I’ve toured foundries from Hebei to Hamburg, and the one constant is this: when tolerances tighten and surface finish matters, investment casting is the quiet hero nobody argues with. It’s not flashy. It’s just precise. And stainless steel versions age gracefully, which—let’s be honest—saves buyers headaches later.

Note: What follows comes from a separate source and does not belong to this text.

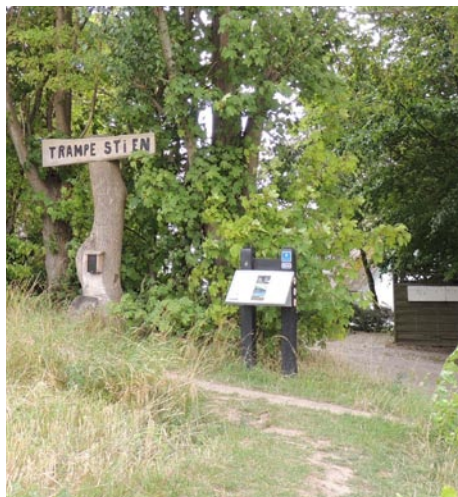
Boesdal med startskiltet for trampestien.

Medens snakken lystig gik i takt med benene blev den smukke og særprægede udsigt nydt i fulde drag, og der var meget at se på. Vejret var klart og godt så man kunne se langt, der var derfor udsigt helt til Møns Klint, Øresundsbroen, Sverige og mange små – meget små – øer i skøn blanding med større og mindre sejlbåde og store motordrevne skibe. Et par havkajakker var der også plads til.
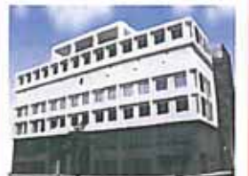
株式会社もしもしホットラインかんなぎビル 名護市産業女性センター

【お問い合わせ】 名護市政策推進部 金融・情報特区推進室 ☎ 53-1212(内241) ✉ itf@city.nago.okinawa.jp

The Stainless Steel Precision investment casting here uses lost-wax patterns, ceramic shell building, thermal gravity pour, and—depending on geometry—pressure-assisted fills. After dewaxing and firing, molten stainless (304/316/duplex options) flows into a preheated shell. Shell breaks, gates get trimmed, then polishing and passivation wrap it up. Roughness around Ra6.3 is typical before final finishing; in practice, many customers push for finer polishing on sealing faces.
Short description (as shipped): Casting Method: Thermal Gravity; Process: Lost Wax; Molding Technics: Pressure Casting; Application: Machinery Parts; Material: Stainless Steel; Surface Preparation: Polishing; Surface Roughness: Ra6.3. Origin: Gelan Building, No.256 Xisanzhuang Street, Shijiazhuang, Hebei, China.
| Parameter | Typical value | Notes |
|---|---|---|
| Material grades | 304, 316/CF8M, 2205 | Grade selection by corrosion/media |
| Tolerance | ISO 8062-3 CT6–CT7 | ≈±0.1–0.3 mm; geometry-dependent |
| Surface finish | Ra ≈ 6.3 μm | Pre-polish; finer after finishing |
| Mechanical strength | 520–750 MPa (UTS) | Varies by grade/heat treatment |
| Weight range | 0.02–20 kg | Larger on request |
Typical applications for stainless investment casting include valve bodies that need tight bore alignment, pump impellers where balance matters, and food-processing brackets that must clean easily. I’ve seen OEMs switch from machined bar to cast near-net shapes and trim 20–35% cost after tooling amortization—surprisingly fast payback when volumes are steady.
| Vendor | Certs | Lead time (tooling) | Tolerance | MOQ | Notes |
|---|---|---|---|---|---|
| Mingda Metals (Hebei) | ISO 9001 | ≈3–5 weeks | CT6–CT7 | Flexible | Strong on stainless + polish/passivation |
| Foundry A (global) | ISO 9001, IATF (some plants) | 4–8 weeks | CT6–CT8 | Medium | Broader alloy library |
| Foundry B (regional) | ISO 9001 | 2–6 weeks | CT7–CT8 | Low | Budget-friendly; basic finishing |
DFM tweaks—thicker junctions, gradual fillets, and directional solidification aids—often turn “iffy” thin walls into reliable runners. For high-CIP washdown gear, I’d pick 316/CF8M, passivated, sometimes electropolished, and keep crevices to a minimum.
Final thought: stainless investment casting doesn’t just hit drawings; it hits uptime. And in maintenance budgets, that’s what wins.